19 Jun 2011

Ed Balls warns unions of trap over pension strikes

Shadow chancellor Ed Balls has urged trade unions not to fall into the Government’s “trap” of calling mass strikes in opposition to planned public sector pension reforms.

Shadow chancellor Ed Balls has urged trade unions not to fall into the Government's

Ed Balls claimed ministers were deliberately trying to provoke the unions into industrial action so they could blame them for the failure of the Government’s economic strategy.

Dave Prentis, the general secretary of the Unison public service union, has warned the coalition that it is facing the biggest wave of industrial action since the general strike of 1926.

The unions reacted with fury after Treasury Chief Secretary Danny Alexander set out plans which require most public sector employees to work longer and pay more for less generous entitlements in retirement.

But while Labour has condemned the Government’s negotiating tactics, it has stopped short of backing the unions’ demands.

Writing in the Sunday Mirror, Mr Balls warned it was not in the unions’ interests to engage in mass strikes. He said the country did not want to see a return to the “division and confrontation” of the 1980s.

George Osborne knows the economy has flat-lined over the last six months. Ed Balls

“From David Cameron down, Ministers are saying to the trade unions: ‘Bring it on’. Like in the 1980s, they seem to be spoiling for a fight, goading the unions and trying to provoke strikes,” he wrote.

“George Osborne knows the economy has flat-lined over the last six months. He knows he’s losing the economic argument on the deficit and jobs and needs to change course.

“But instead he’s trying to pick a fight about pensions, provoke strikes and persuade the public to blame the stalling economy on the unions.

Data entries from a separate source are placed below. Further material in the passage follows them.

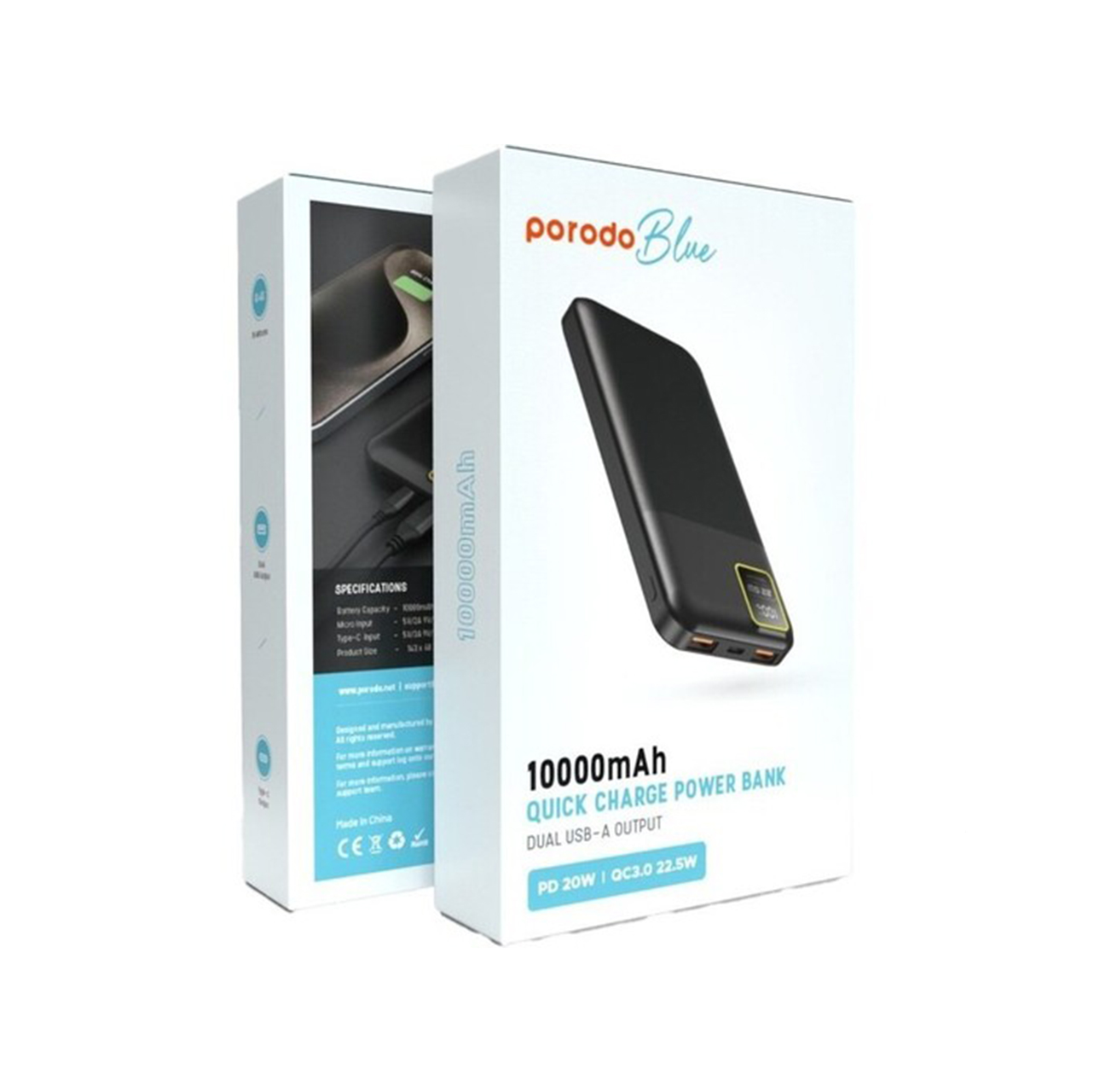 پاوربانک PORODO BLUE مدل PB-PBFCH054 ظرفیت 20000 میلی آمپر
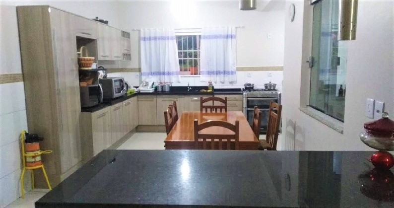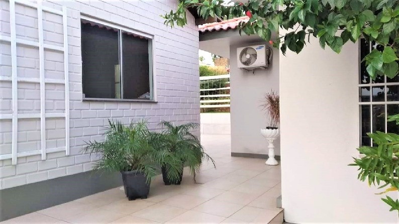 Casa residencial com 3 (três) dormitórios, sala de estar com sacada, gabinete, cozinha, varanda, banheiro social, banheiro privativo, banheiro auxiliar, área de serviço, garagem para 3 (três) carros, possui 3 (três) aparelhos de ar condicionado, portão eletrônico, grade nas aberturas, salão de festas com churrasqueira, possui pátio nos fundos. Aluguel mais encargos
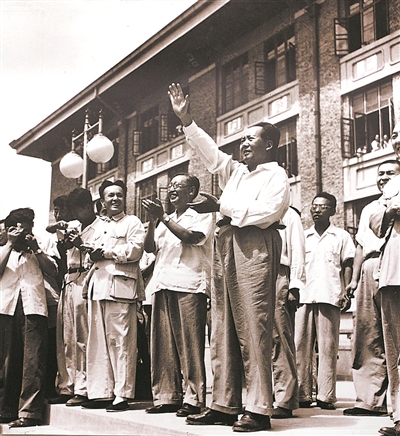 毛泽东在天大视察的消息不胫而走,一万多名师生员工自发地齐聚第九教学楼门前广场,高喊“毛主席万岁”“中国共产党万岁”。随后,毛泽东来到第九教学楼门前平台上接见了广大师生群众,并挥手致意。这张宝贵的照片就是拍摄于此时。
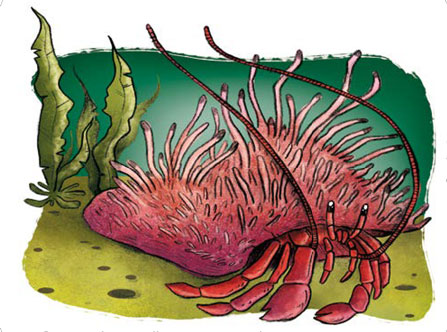 La anémona Calliactis parasitica y el cangrejo
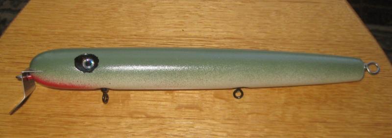 Then I made a Giant swimmer from a laminate I made of red cedar sandwiched between 2 sections of AYC. I burned bands at 1 inch increments ala Mike Fixter and gave it a nose weight under the lip.

“That’s why trade union leaders must avoid George Osborne’s trap. He wants them to think that going on strike is the only option and the best way to win the argument.”

Business Secretary Vince Cable has sought to strike a more conciliatory tone, stressing the Government’s commitment to negotiation. At the same time, however, he said that the current system had to be reformed.

“The Government wants to negotiate over this and our belief is that most trade unionists want to negotiate over this as well,” he said.

“We are talking about how future pensions are to be paid for. Reasonable people, I think, can agree and negotiate on how we deal with that problem.”

Mary Bousted, general secretary of the normally moderate Association of Teachers and Lecturers, whose members voted to join a mass one-day strike on June 30, said ministers should withdraw their “diktat” pensions.

“The Government has to decide whether it is in negotiation or it is simply going to lay down the law,” she said. “That is a gun to our heads and we will not be walked over in that way.”